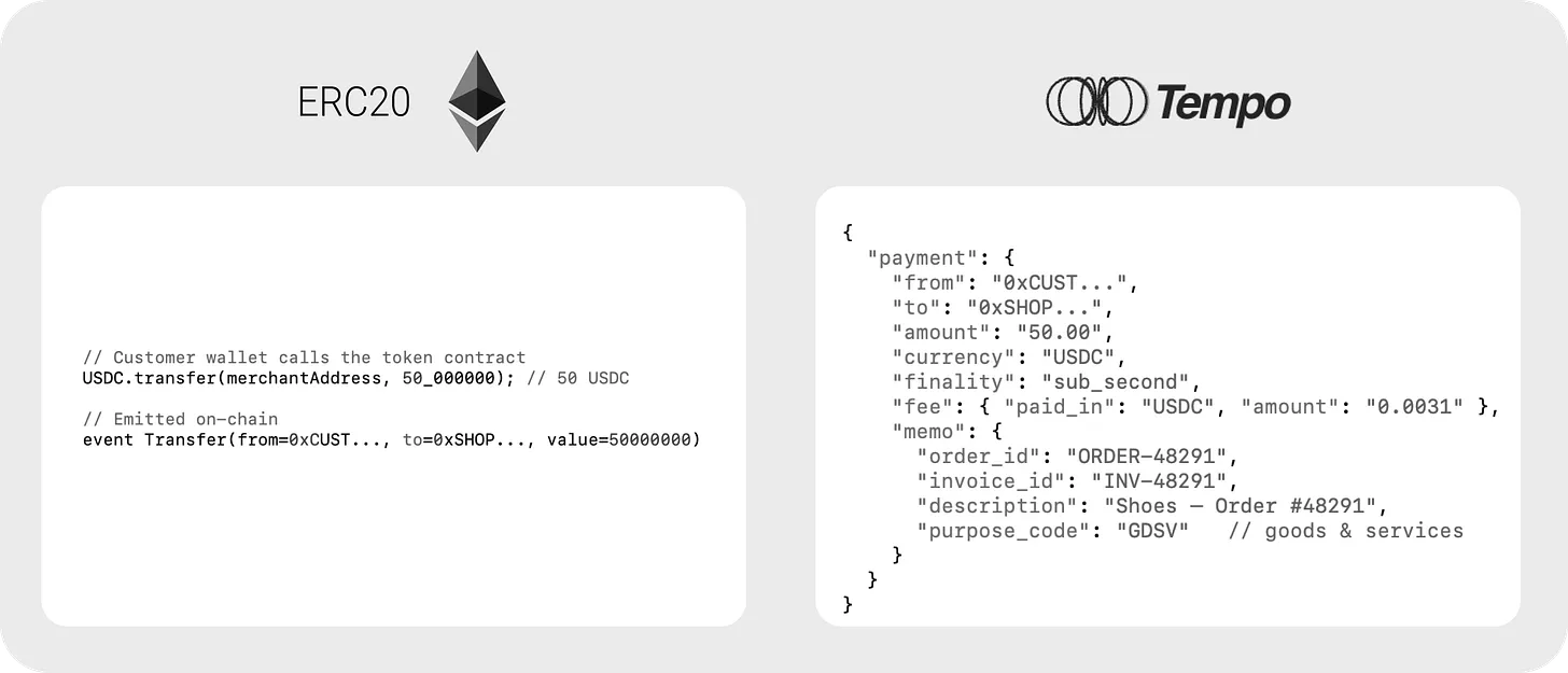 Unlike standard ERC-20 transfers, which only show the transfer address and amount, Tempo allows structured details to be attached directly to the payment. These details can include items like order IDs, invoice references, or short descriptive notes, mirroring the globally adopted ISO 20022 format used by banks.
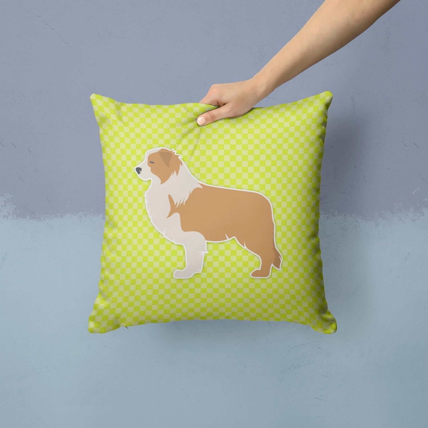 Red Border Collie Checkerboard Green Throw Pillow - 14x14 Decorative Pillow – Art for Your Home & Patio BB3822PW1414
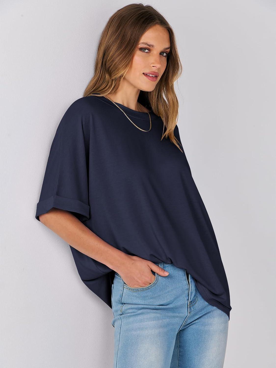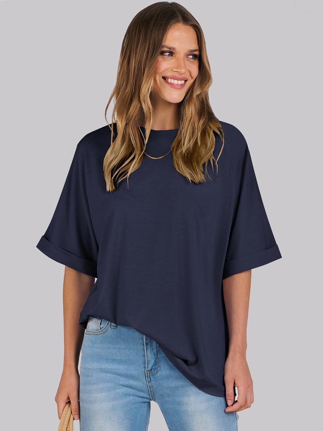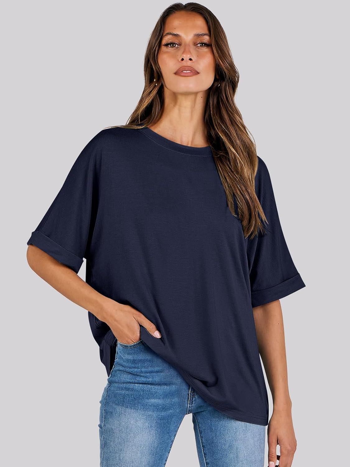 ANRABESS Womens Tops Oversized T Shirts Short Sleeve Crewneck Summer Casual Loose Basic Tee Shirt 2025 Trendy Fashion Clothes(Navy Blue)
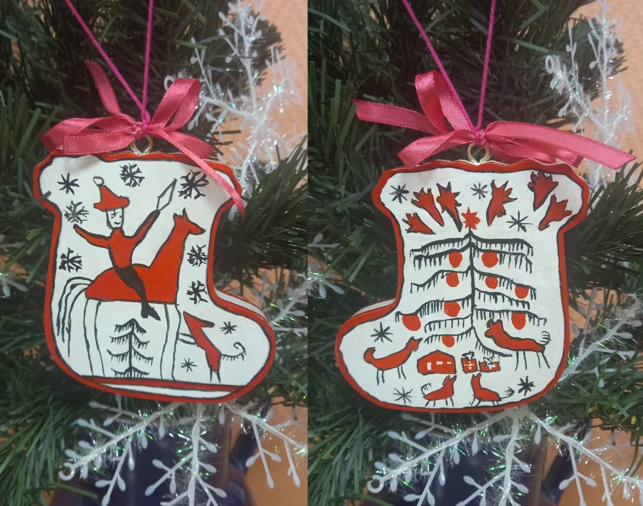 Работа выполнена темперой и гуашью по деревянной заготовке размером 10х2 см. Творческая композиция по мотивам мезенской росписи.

* * *

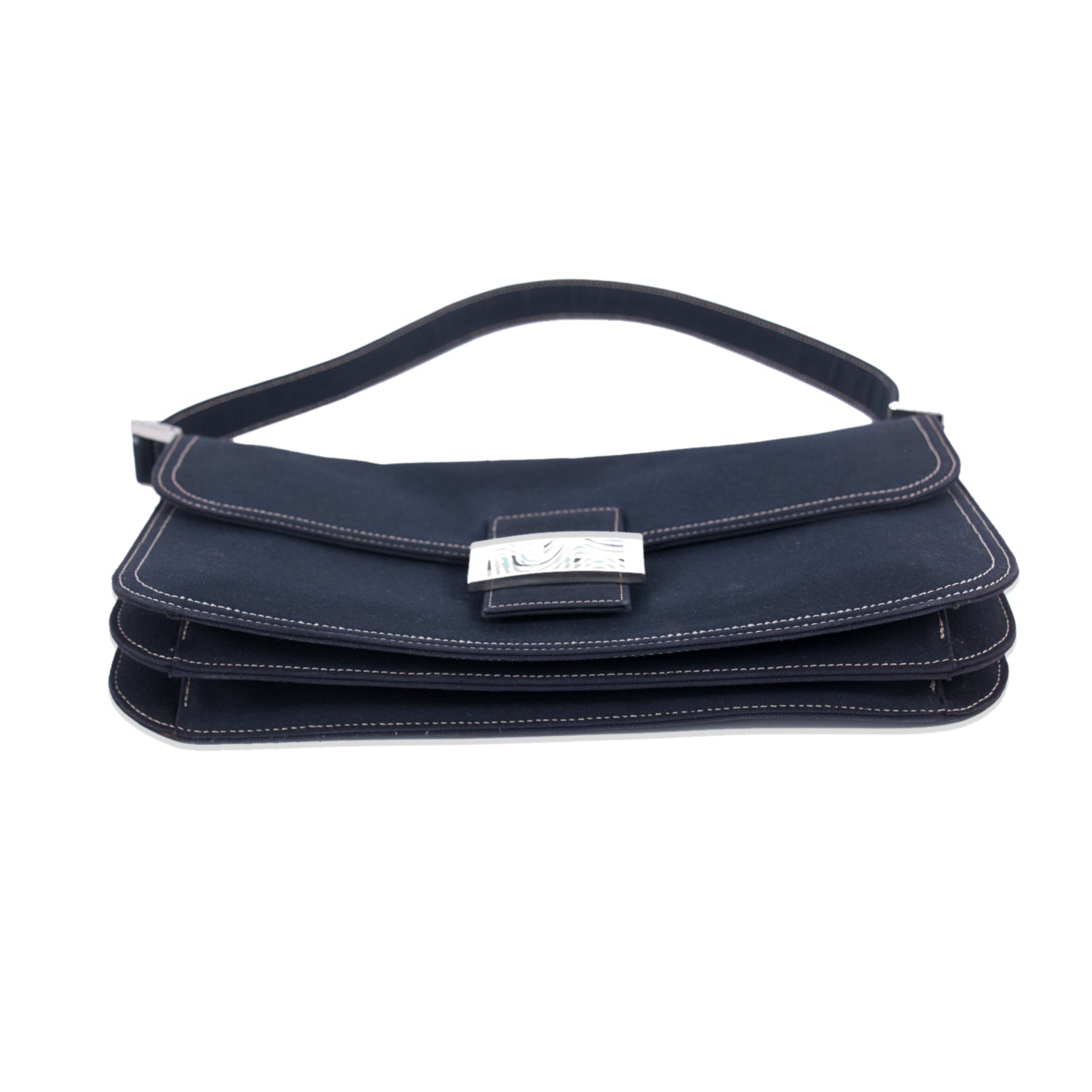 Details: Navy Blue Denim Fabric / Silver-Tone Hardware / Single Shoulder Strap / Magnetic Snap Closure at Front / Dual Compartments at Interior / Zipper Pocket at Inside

TASK ITEM
While skipping the pictures, transcribe the data above from the line showing "ANRABESS Womens Tops" through the line showing "Работа выполнена темперой", exactly and with both ends.

TASK SOLUTION
 ANRABESS Womens Tops Oversized T Shirts Short Sleeve Crewneck Summer Casual Loose Basic Tee Shirt 2025 Trendy Fashion Clothes(Navy Blue)
 Работа выполнена темперой и гуашью по деревянной заготовке размером 10х2 см. Творческая композиция по мотивам мезенской росписи.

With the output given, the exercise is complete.